Could you retype exactly the lines below between the one holding "Pajama Sets Long" and the one holding "ホワイトベースに、タキシード", inclusive, leaving out any pictures?

SOURCE MATERIAL Start Marker

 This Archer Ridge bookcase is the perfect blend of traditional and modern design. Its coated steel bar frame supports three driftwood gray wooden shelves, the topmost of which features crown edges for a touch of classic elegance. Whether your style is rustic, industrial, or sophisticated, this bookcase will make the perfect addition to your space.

SOURCE MATERIAL End Marker
SOURCE MATERIAL Start Marker

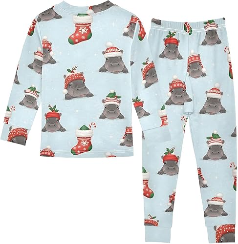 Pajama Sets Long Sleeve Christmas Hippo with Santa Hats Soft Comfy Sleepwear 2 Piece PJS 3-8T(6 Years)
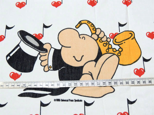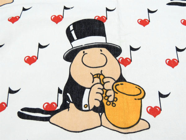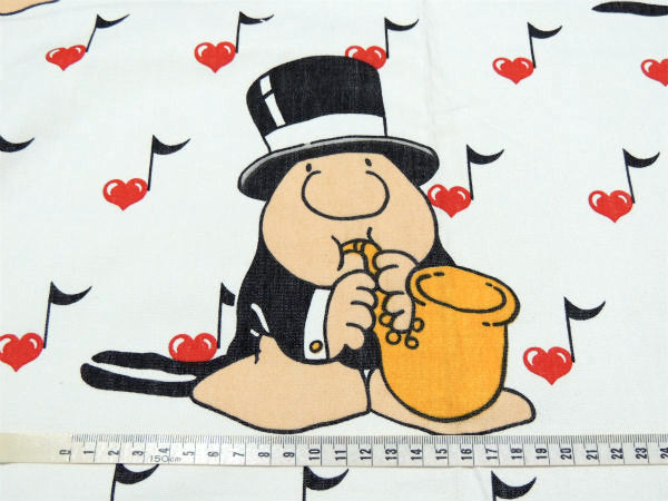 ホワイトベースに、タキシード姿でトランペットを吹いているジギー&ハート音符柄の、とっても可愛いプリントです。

SOURCE MATERIAL End Marker
SOURCE MATERIAL Start Marker

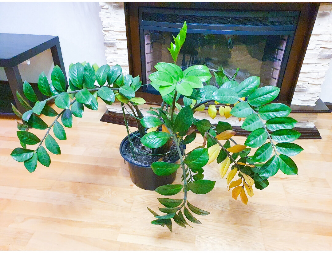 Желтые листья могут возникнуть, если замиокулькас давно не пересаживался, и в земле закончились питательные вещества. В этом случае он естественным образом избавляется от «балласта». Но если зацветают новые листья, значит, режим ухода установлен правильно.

SOURCE MATERIAL End Marker

> TASK RESPONSE
 Pajama Sets Long Sleeve Christmas Hippo with Santa Hats Soft Comfy Sleepwear 2 Piece PJS 3-8T(6 Years)
 ホワイトベースに、タキシード姿でトランペットを吹いているジギー&ハート音符柄の、とっても可愛いプリントです。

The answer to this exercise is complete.